Under a traditional visit-based model, a stable-appearing, asymptomatic patient like this is easy to leave unchanged for another interval.

Applying the intensification-gap framework, this is precisely the highest-risk profile in which therapy should be escalated rather than maintained.

A reasonable next step is uptitration of the antihypertensive regimen toward a target below 130/80 mm Hg and initiation of an SGLT2 inhibitor, which addresses glycemic, renal, and cardiovascular risk simultaneously.

Bottom Line

Roughly half of US adults with CKM syndrome who need treatment for hypertension or hyperlipidemia are not receiving it, and fewer than half of those who are treated reach target.
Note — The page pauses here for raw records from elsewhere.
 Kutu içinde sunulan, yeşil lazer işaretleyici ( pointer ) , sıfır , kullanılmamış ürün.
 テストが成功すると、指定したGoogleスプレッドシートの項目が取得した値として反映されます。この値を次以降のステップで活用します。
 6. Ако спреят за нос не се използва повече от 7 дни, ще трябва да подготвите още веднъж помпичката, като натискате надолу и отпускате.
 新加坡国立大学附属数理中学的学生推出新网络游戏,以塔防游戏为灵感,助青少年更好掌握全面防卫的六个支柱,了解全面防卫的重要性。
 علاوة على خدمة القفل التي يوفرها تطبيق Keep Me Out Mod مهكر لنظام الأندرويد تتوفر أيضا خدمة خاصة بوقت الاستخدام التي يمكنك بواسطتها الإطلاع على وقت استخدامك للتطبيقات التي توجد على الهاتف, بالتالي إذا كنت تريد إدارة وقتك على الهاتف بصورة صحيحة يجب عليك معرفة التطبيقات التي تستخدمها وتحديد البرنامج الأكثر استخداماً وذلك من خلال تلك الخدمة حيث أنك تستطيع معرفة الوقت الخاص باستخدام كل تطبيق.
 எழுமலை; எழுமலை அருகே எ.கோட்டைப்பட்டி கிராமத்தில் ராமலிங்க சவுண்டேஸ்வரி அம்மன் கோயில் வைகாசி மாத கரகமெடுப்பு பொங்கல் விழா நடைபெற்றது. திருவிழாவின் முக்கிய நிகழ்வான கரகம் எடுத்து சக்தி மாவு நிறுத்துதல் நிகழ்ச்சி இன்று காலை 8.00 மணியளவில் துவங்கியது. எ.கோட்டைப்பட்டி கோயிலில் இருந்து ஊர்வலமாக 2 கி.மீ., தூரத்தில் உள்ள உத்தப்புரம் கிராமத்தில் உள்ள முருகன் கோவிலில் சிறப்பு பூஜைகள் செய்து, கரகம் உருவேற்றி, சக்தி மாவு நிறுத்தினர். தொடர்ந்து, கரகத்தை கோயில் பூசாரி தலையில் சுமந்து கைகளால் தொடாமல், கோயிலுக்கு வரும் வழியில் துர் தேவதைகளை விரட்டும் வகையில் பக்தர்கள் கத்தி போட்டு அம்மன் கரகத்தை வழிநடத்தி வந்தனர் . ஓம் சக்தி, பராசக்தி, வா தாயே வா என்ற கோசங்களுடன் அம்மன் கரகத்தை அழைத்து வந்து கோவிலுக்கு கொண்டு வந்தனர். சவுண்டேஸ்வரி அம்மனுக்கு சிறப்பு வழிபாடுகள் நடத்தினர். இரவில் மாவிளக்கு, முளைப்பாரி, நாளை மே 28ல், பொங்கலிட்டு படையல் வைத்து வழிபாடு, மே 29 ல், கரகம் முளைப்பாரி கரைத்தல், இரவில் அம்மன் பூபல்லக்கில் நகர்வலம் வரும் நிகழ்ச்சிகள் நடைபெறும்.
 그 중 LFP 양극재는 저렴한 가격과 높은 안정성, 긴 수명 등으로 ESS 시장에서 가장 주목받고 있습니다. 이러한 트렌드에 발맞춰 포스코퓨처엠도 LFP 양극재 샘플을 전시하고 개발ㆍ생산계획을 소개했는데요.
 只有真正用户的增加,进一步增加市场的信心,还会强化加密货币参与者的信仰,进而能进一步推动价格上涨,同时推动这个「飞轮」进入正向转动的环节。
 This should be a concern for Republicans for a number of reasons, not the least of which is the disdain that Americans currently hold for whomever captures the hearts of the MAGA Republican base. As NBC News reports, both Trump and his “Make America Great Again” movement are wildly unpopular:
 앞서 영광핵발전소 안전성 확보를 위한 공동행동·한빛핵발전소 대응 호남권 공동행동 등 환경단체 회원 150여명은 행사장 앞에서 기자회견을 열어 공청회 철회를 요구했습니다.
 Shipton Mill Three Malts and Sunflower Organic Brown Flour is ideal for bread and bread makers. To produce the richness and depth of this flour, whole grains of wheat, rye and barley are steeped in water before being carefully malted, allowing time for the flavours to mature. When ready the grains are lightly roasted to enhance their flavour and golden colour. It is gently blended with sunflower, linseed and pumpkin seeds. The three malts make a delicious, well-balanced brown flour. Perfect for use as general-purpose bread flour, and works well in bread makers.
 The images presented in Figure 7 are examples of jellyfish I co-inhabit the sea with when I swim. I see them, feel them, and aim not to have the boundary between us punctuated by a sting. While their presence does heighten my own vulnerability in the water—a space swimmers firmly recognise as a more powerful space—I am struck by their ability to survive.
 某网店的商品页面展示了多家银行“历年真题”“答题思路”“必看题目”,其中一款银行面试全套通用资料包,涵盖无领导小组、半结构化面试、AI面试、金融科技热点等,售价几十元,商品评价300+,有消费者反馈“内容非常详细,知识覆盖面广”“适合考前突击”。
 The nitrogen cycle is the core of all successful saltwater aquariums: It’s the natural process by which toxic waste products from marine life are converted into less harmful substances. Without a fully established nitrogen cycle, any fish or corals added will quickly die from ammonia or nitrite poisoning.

The gap is worst, not best, in patients at the highest predicted cardiovascular risk — a reversal of what risk-based care should look like.

Closing it will depend less on starting new prescriptions and more on systematic uptitration, monitoring infrastructure, and payment models like ACCESS that reward outcomes over visit volume.
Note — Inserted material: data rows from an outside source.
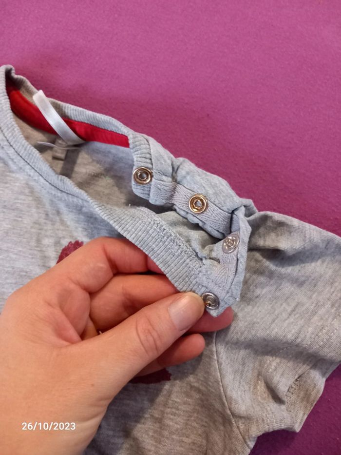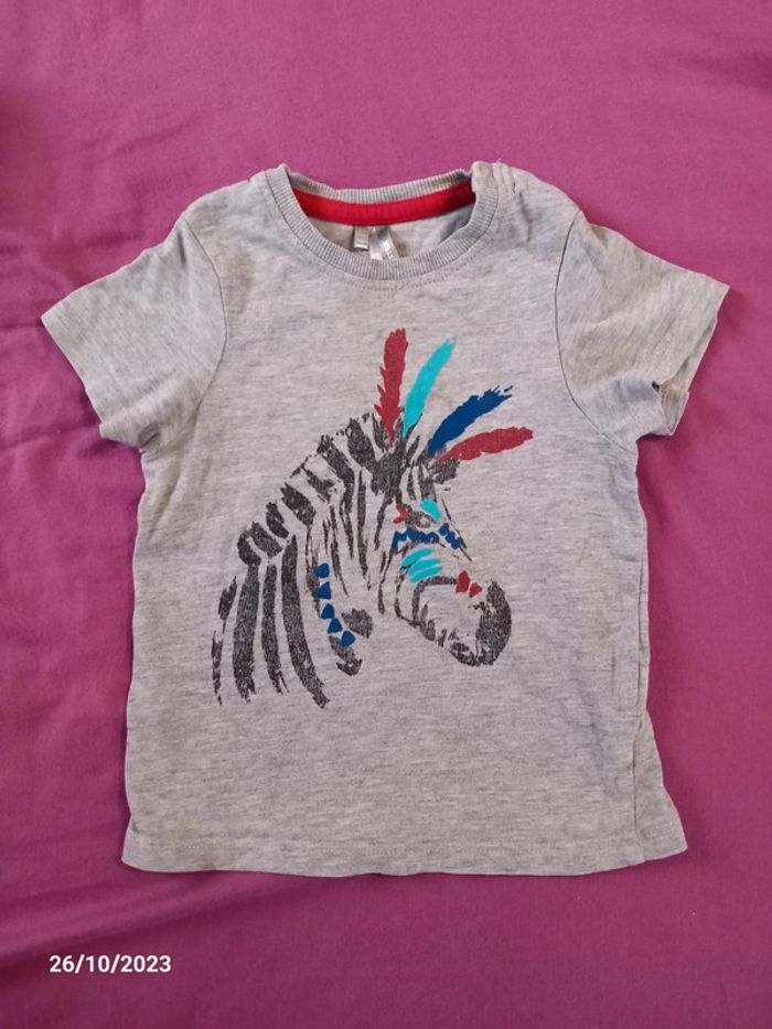 T-shirt manche courte. De couleur gris . Motif zebre. Ouverture a pression sur l'épaule. En parfait état. Taille 2 ans . Marque orchestra. #alex08380_2ansgarçon
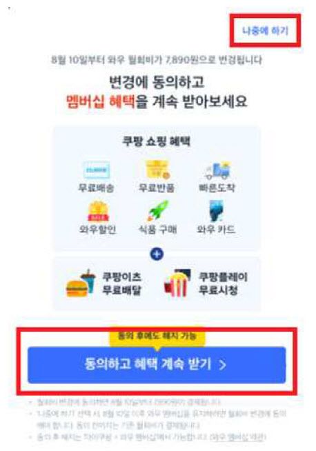구체적으로 쿠팡은 쇼핑몰 앱 초기 화면 팝업창에서 가격 인상에 즉시 동의한다는 내용의 ‘동의하고 혜택 계속 받기’ 버튼을 소비자가 쉽게 인지할 수 있도록 중앙 하단에 청색 바탕 버튼으로 크게 제시한 반면, 가격 인상 동의를 유보하는 내용의 ‘나중에 하기’ 버튼은 소비자가 인지하기 어렵게 우측 상단에 백색 바탕 버튼으로 축소해 제시했다.
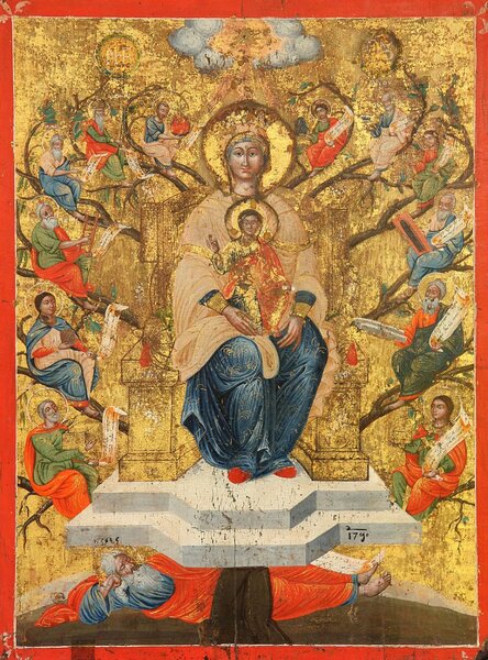 На иконе изображена родословная Иисуса Христа по линии Пресвятой Богородицы. Согласно ветхозаветным пророчествам, Хри...
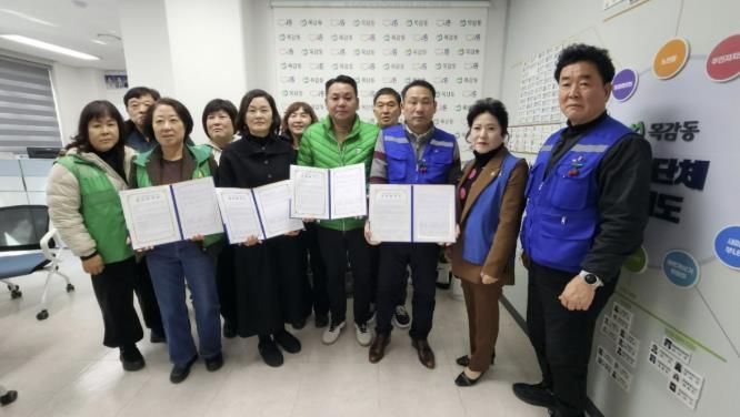 경기호연뉴스 민선기 기자 | 시흥시 목감동 행정복지센터는 지난 2월 3일 취약계층의 복지증진과 복지 사각지대 해소를 위해 동 행정복지센터 회의실에서 목감동 새마을남녀협의회 및 시흥시 처음처럼 봉사회 등 관계단체와 업무협약을 맺었다.

For physician-investors, the sustained underuse of GLP-1 and SGLT2 therapy relative to guideline eligibility remains a multi-year demand runway for Novo Nordisk, Eli Lilly, and AstraZeneca, tempered by pricing pressure and increasing competition among agents.
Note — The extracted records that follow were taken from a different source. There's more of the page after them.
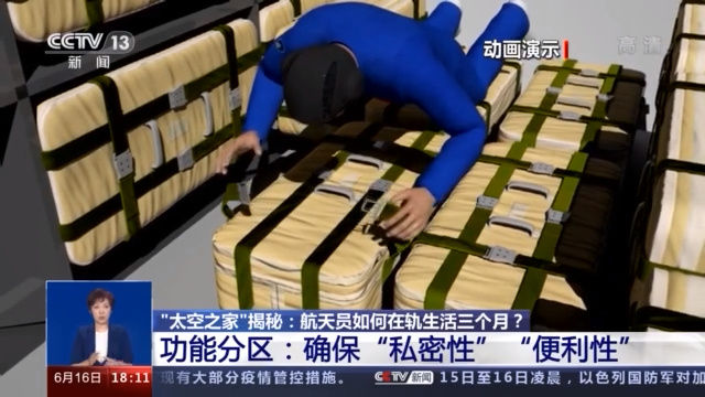 據了解,生活區(qū)內有獨立的睡眠區(qū)、衛(wèi)生區(qū)、鍛煉區(qū),還配有太空廚房、就餐區(qū)和睡眠區(qū)。
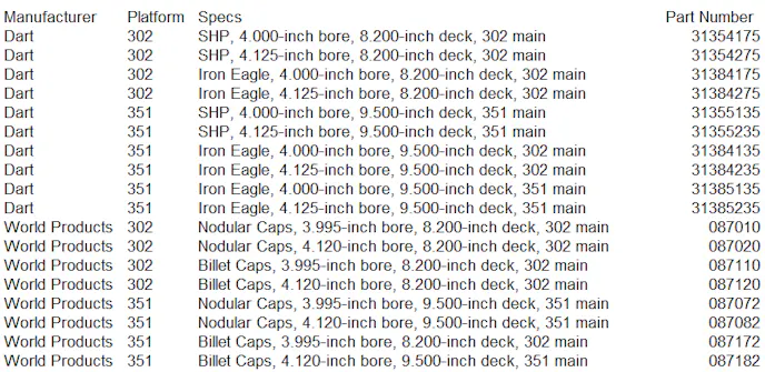 Failures develop because the material is thin and the block lacks features needed for increased cylinder pressure and RPM. The small two-bolt main caps are weak and tend to walk (a term used to describe movement) and that can eat bearings and create vibration and harmonics that leads to cracks. Furthermore, these blocks have trouble maintaining cylinder head sealing, especially in boosted applications due to the small head bolts and thin deck surface.It’s difficult to win a race or a championship with a broken engine–above all, racers need durability. This durability comes from a rock-solid design and these blocks from Dart and World have added strength while retaining Windsor architecture in regards to bore centers, bellhousing bolt location, engine mounts, head bolts, oil pan, and other fastener locations. Great care has been taken to fortify these blocks by using superior iron alloys for strength, combined with more material added to critical areas that are prone to failure in stock applications.
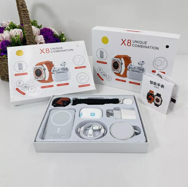 В набор входит 6 самых актуальных предметов (дополнений для телефона) для комфортного и удобного пользования. SMART WATCH . Процессор обеспечивает плавную работу анимации умных часов. Большой экран с насыщенной цветопередачей и отзывчивым сенсором, который радует глаз! Картина максимально полноэкранная! Эти часы на руку взяли все лучшее от Xiaomi, Apple, Samsung и Huawei. Беспроводные наушники AirPods Pro Lux (Copy). Для ценителей первоклассного звучания! Потрясающее качество звука и мощные глубокие басы!100% совместимость с iРhоnе/Аndrоid/ПК- Всплывающее окно при подключении, как у оригинала.- Оригинальные гравировки на наушниках и боксе. Гравировка на пленке.- На каждом АirРоds, кейсе и зарядном кабеле - четкая гравировка серийного номера.- Отображение заряда каждого из наушников и кейса.- Управление - сенсоры (легкое нажатие/тапы), без сбоев. Переключение треков вперед/назад, возможность поставить на паузу, включить, ответить на звонок, переключение режимов, как на iРhоnе так и на Аndrоid. Внешний аккумулятор (с Анимацией при подключении). Компактный внешний аккумулятор MaсSafe Battery Pack подключается к устройству одним щелчком. Он небольшой, и с его помощью легко заряжать устройства прямо на ходу. Магниты фиксируют аккумулятор в нужном положении для безопасной и надёжной беспроводной зарядки. Она начинается автоматически: аккумулятор не нужно включать и выключать. Беспроводная зарядка MaсSafe. Это магнитная шайба, которая крепится к смартфону сзади и заряжает его примерно в два раза быстрее обычной беспроводной зарядки. Более того, ее скорость сопоставима с тем, что предлагает обычная проводная зарядка. Кабель USB TYPE С - Lighting блок 20W зарядное устройство для iPhone и Android USB -C TYPE Набор 6 в 1 - это Отличный подарок для себя или для любимого человека!
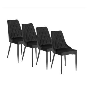 Zestaw 4x Krzesło Tapicerowane CORK Czarne – Elegancja i komfort w stylu glamour Krzesła tapicerowane CORK w głębokim czarnym kolorze to połączenie nowoczesnego szyku z nutą klasycznej elegancji. Ich aksamitna tapicerka, delikatne pikowania i wyrafinowana linia sprawiają, że są nie tylko wygodnym, ale również efektownym dodatkiem do każdego wnętrza. Doskonale sprawdzą się w jadalni, salonie czy eleganckim gabinecie. Czarna tkanina velvet pięknie współgra z malowanymi proszkowo stalowymi nogami, tworząc spójną i stylową całość. Wygodne siedzisko oraz miękkie oparcie wypełnione pianką zapewniają wysoki komfort nawet przy dłuższym użytkowaniu.

Physician Education Disclaimer: This article is intended for licensed healthcare professionals for educational purposes only and does not constitute individualized medical advice. Treatment decisions should be individualized based on patient-specific clinical judgment and current guidelines.
Financial Disclaimer: This content is for informational purposes only and does not constitute investment advice or a recommendation to buy or sell any security. Stock prices, analyst price targets, and drug pricing are point-in-time figures that change frequently; consult a licensed financial advisor before making investment decisions.

References

  1. NHANES Data Point to Subpar Treatment of Risk Factors in CKM Syndrome. TCTMD.
  2. AHA/ACC Release First Comprehensive Guideline on CKM Syndrome. TCTMD.
  3. CV Risk Factor Treatment, Control Rates Low Among Adults With CKM. American College of Cardiology.
  4. ACCESS (Advancing Chronic Care with Effective, Scalable Solutions) Model. Centers for Medicare & Medicaid Services.
  5. Jardiance Prices, Coupons & Savings Tips. GoodRx.
  6. Farxiga Prices, Coupons & Savings Tips. GoodRx.
  7. Novo Nordisk A/S (NVO) Stock Price & Overview. StockAnalysis.com.
  8. Eli Lilly and Company (LLY) Stock Price & Overview. StockAnalysis.com.
  9. AstraZeneca (AZN) Stock Price & Overview. StockAnalysis.com.